The consensus view is for prices to remain near current levels, but the market is “more fragile than it looks,” Ben Luckock, the co-head of oil trading said in an interview at APPEC in Singapore. Brent crude is nearing $90 a barrel after OPEC+ heavyweights reduced supply — curbs that could continue further.
“One reason is underinvestment in new oil production,” he said on Monday. “Combined with higher interest rates, which make it more expensive to hold oil in storage, it means there isn’t much slack or flex in the system. Put all together, and you have a market that’s susceptible to price spikes.” Oil options traders are showing confidence in the recent sustained surge in prices, bolstering wagers that crude will rally toward $100, even as questions remain over China’s outlook. However, Luckock and other attendees at the conference said it wasn’t all bad when it came to nation’s economy.Cuts by OPEC+ have been successful, Vitol Group Chief Executive Officer Russell Hardy said earlier in the day.

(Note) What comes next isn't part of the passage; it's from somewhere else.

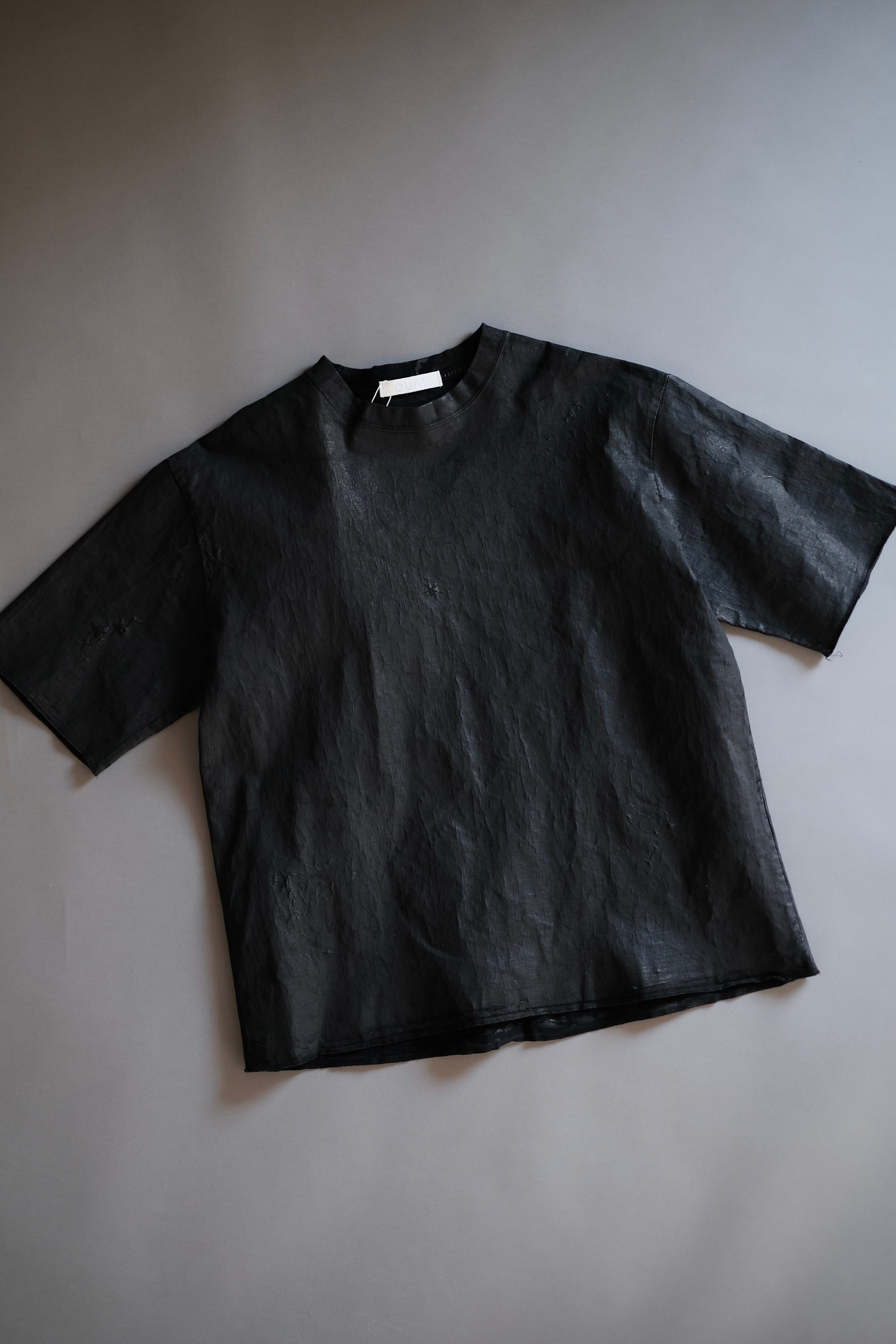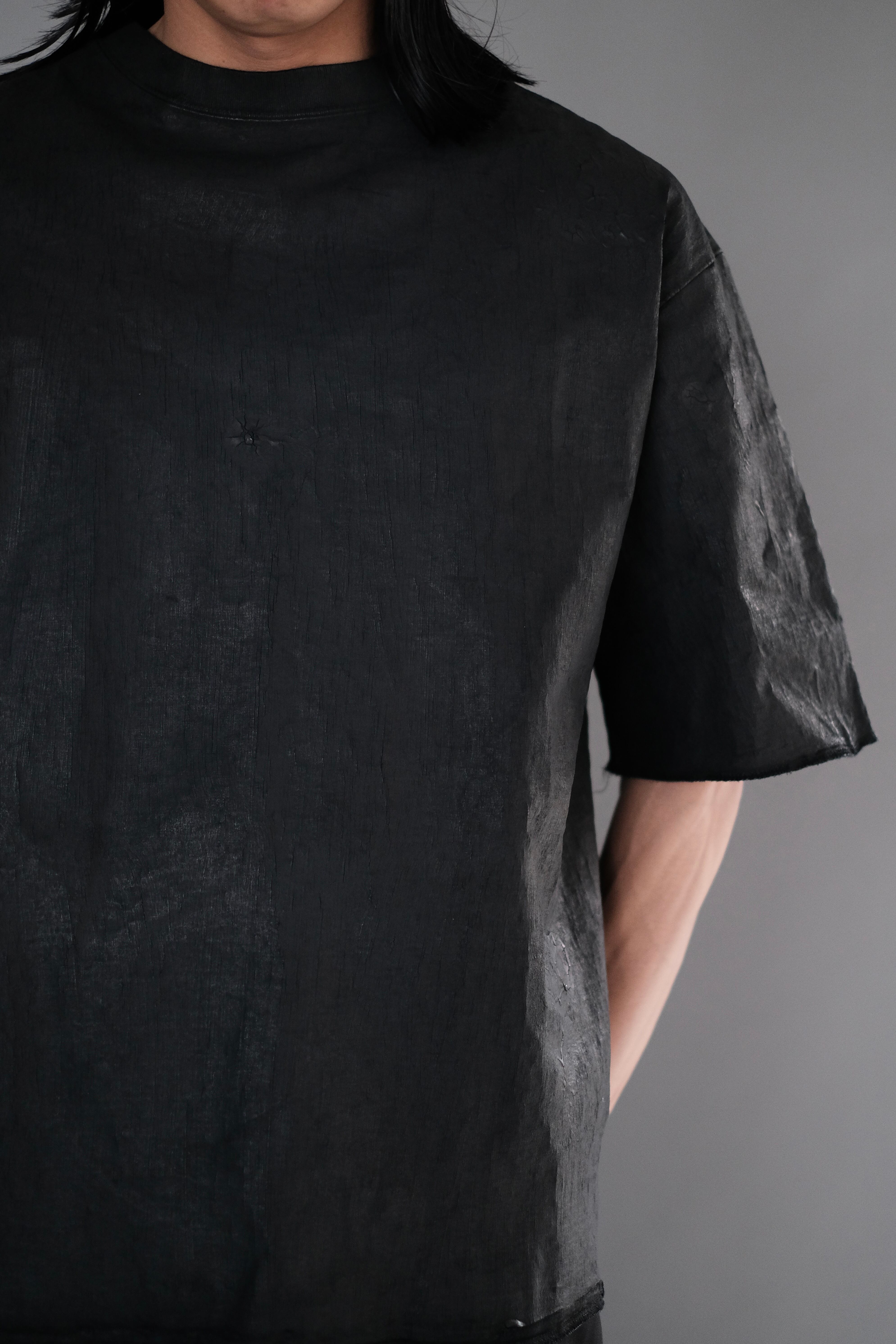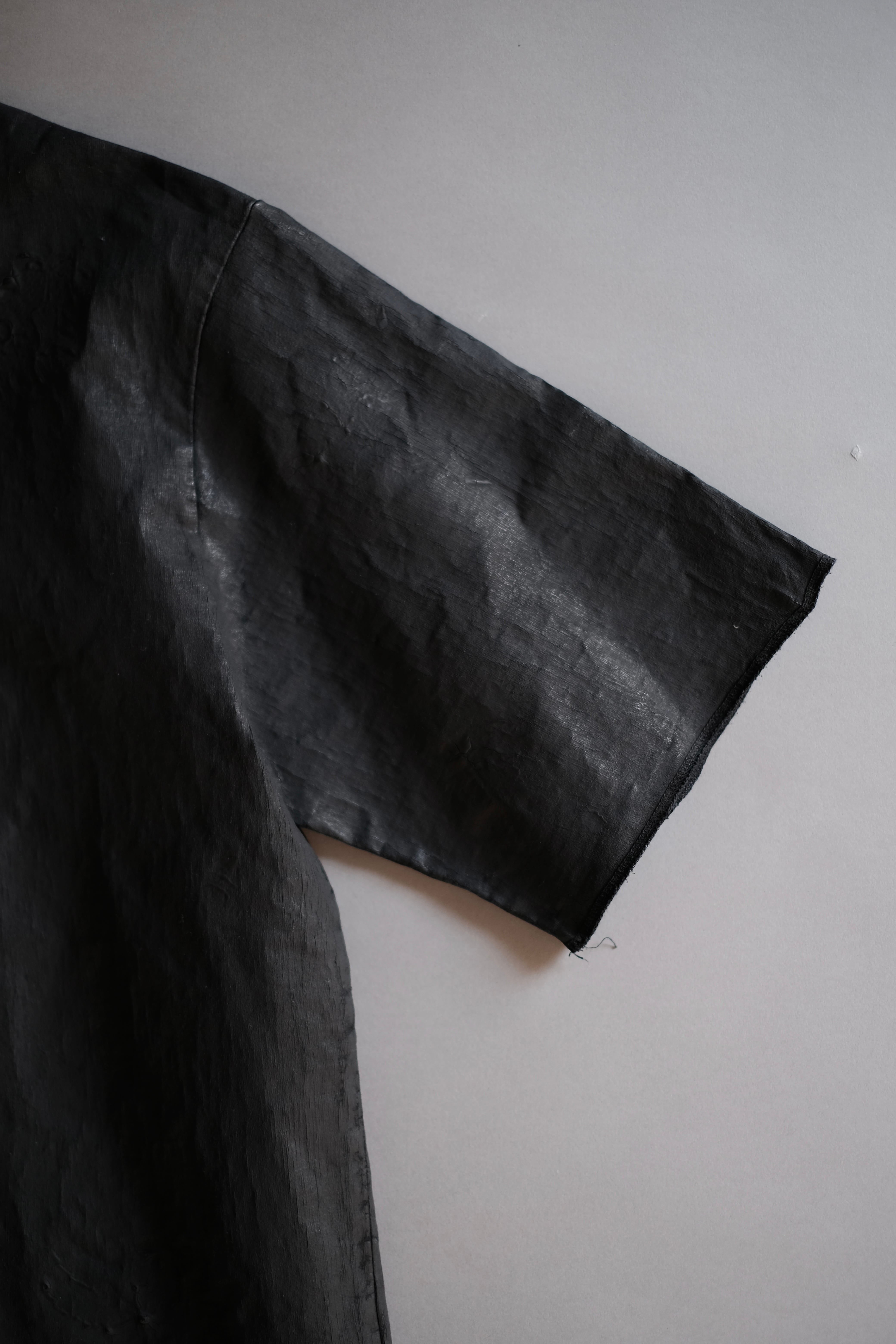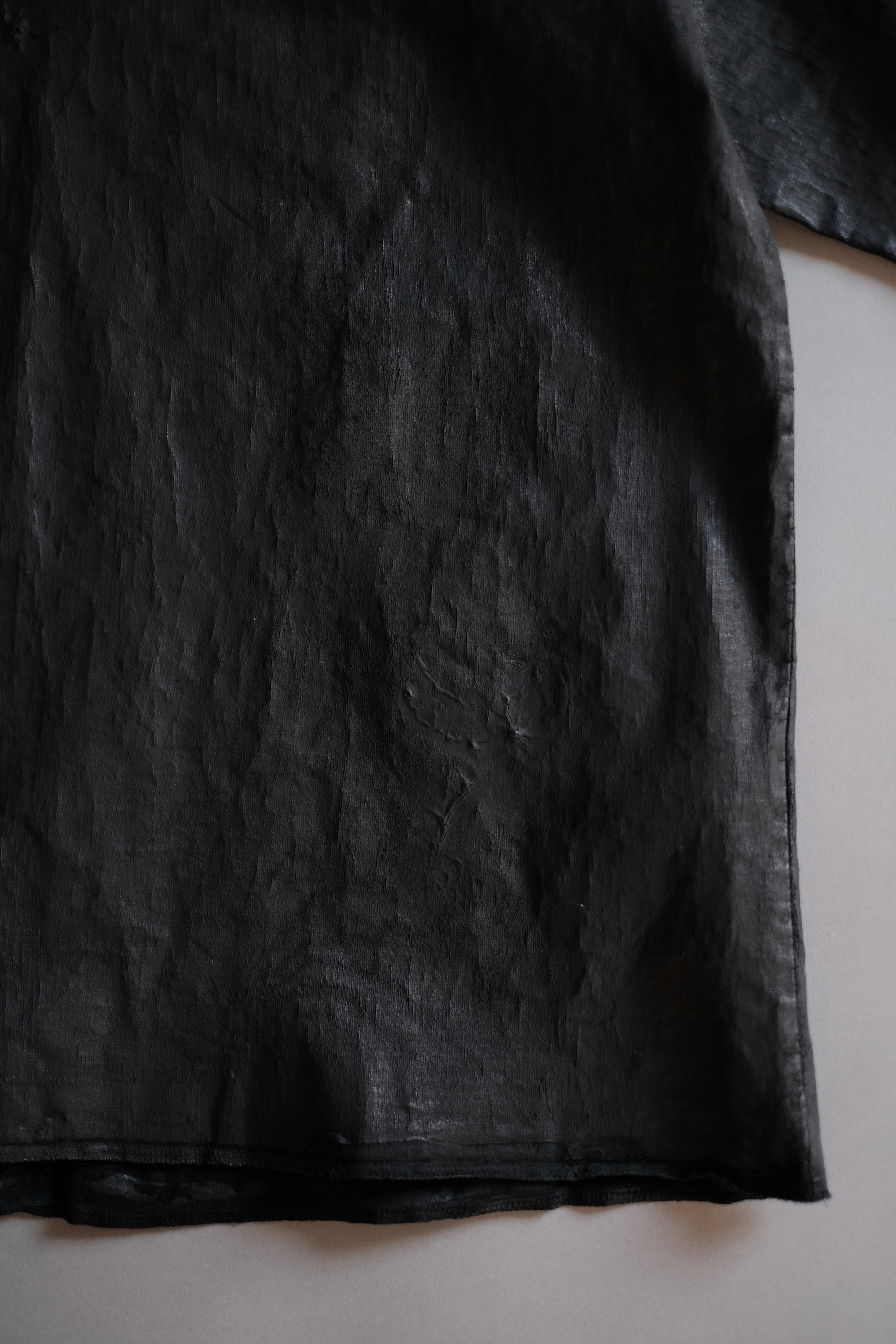 特殊なマッドバインダーと顔料をブレンドしたものを刷毛で何層にも製品に厚塗りしていき、ベーキングと柔軟洗いを施します、全て職人の手作業による丹念な工程は、着用するにつれて厚く盛り上がった箇所が美しいクラック(ひび割れ)を生み出し、テクスチャや艶も変化していくことによって、経年変化を楽しめる加工になっております。

“OPEC+ will be guided by price,” said Luckock. “I think they will be tapering by the end of the year.”Wild weather across the world, particularly hotter temperatures, have had a material impact on refineries and the operational reliability of plants, said Luckock. He cited examples in Italy and the US this summer, and how local outages had a ripple effect on the supply and price of products globally.
“The extreme weather conditions we have seen this year really are a big deal,” he said. “The heat has created huge problems for refineries in Europe and America with more outages and problems that are harder to fix.”